By consistent practice, it will become easier and easier to step into and stay with these uncomfortable sensations. There will be a day when we are not so much afraid of these uncomfortable sensations arising again, and when they do they won’t be as unpleasant as before. Much of their unpleasantness came from the frightening stories we had attached to them. Now that our sensations are free of our self-imposed stories, we too are free of our self-imposed fears. This will also help enhance our self-improvement efforts.
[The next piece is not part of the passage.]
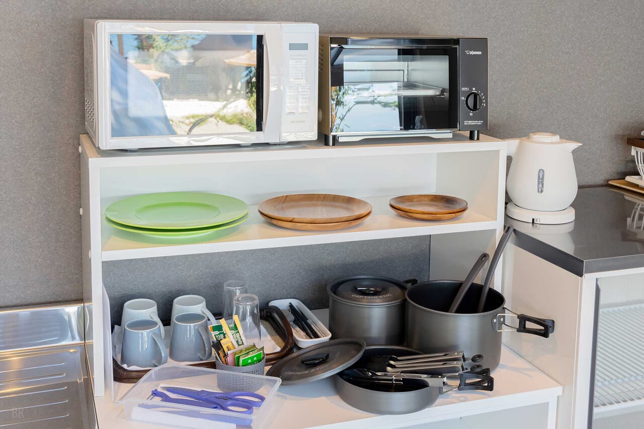 冷蔵庫、エアコン、電気ケトル、カガミ、ハンガーラック、コンセント、ドーム内ゴミ箱、食事スペースゴミ箱、ティッシュ、BBQグリル、包丁、まな板、調理ばさみ

Stepping into uncomfortable sensations and accepting our bodies fully complements self-development with self-acceptance. What has happened is that as a result of consistent practice, the once invisible link between the sensation and the story is broken, and hence we don’t find the physical level discomfort being magnified by the simulated traumas in our made-up stories. Overtime, the self-victimizing stories will fade and we realize we are always already safe and free. We might be uncomfortable but it’s Ok! It is not as bad as we once thought. That’s when we know we have become stronger, for as Friedrich Nietzsche said, That which doesn’t kill us will make us stronger.